> [Problem description]: Write the data out again exactly, dropping any images it holds.

> [Collected material]:
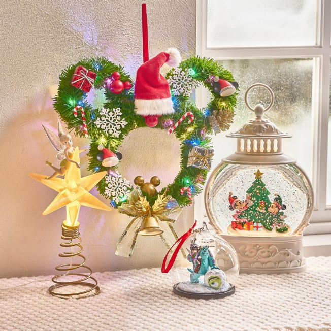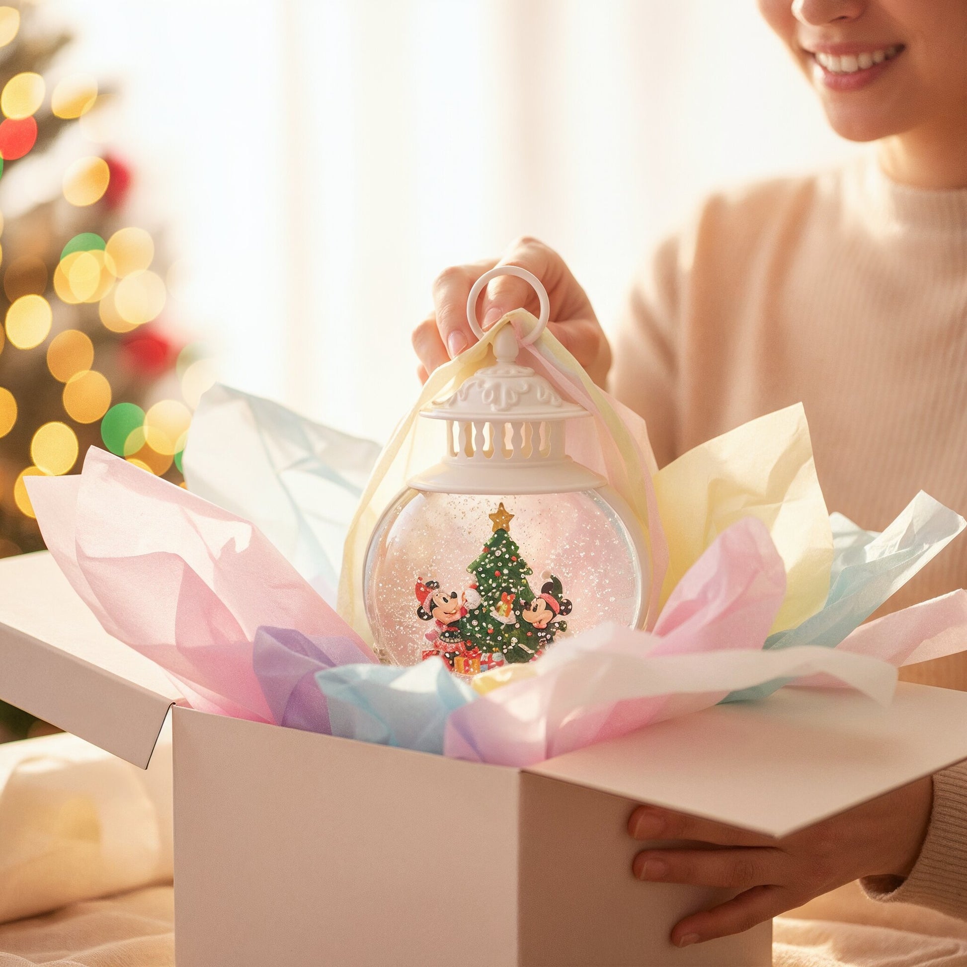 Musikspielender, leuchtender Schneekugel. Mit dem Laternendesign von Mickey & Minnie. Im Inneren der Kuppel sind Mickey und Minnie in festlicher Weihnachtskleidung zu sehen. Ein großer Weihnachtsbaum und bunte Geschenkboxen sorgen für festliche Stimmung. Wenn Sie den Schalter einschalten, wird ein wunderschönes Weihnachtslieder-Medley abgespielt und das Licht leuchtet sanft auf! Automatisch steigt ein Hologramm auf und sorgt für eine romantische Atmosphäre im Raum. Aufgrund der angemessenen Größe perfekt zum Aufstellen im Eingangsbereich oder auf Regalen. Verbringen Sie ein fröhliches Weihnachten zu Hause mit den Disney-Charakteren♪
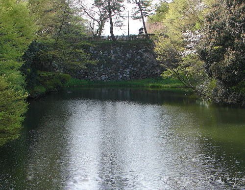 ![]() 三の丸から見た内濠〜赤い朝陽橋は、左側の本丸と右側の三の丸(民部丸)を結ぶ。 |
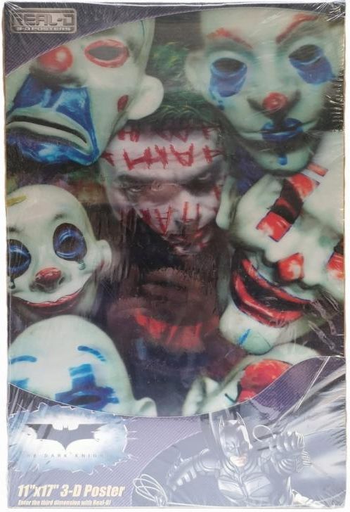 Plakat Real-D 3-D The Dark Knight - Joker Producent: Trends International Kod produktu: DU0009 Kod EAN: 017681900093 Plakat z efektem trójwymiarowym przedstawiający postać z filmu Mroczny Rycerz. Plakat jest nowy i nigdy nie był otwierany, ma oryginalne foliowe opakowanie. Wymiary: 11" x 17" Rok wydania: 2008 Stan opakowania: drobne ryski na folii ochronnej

> [Reply to the exercise]:
 Musikspielender, leuchtender Schneekugel. Mit dem Laternendesign von Mickey & Minnie. Im Inneren der Kuppel sind Mickey und Minnie in festlicher Weihnachtskleidung zu sehen. Ein großer Weihnachtsbaum und bunte Geschenkboxen sorgen für festliche Stimmung. Wenn Sie den Schalter einschalten, wird ein wunderschönes Weihnachtslieder-Medley abgespielt und das Licht leuchtet sanft auf! Automatisch steigt ein Hologramm auf und sorgt für eine romantische Atmosphäre im Raum. Aufgrund der angemessenen Größe perfekt zum Aufstellen im Eingangsbereich oder auf Regalen. Verbringen Sie ein fröhliches Weihnachten zu Hause mit den Disney-Charakteren♪
 ![]() 三の丸から見た内濠〜赤い朝陽橋は、左側の本丸と右側の三の丸(民部丸)を結ぶ。 |
 Plakat Real-D 3-D The Dark Knight - Joker Producent: Trends International Kod produktu: DU0009 Kod EAN: 017681900093 Plakat z efektem trójwymiarowym przedstawiający postać z filmu Mroczny Rycerz. Plakat jest nowy i nigdy nie był otwierany, ma oryginalne foliowe opakowanie. Wymiary: 11" x 17" Rok wydania: 2008 Stan opakowania: drobne ryski na folii ochronnej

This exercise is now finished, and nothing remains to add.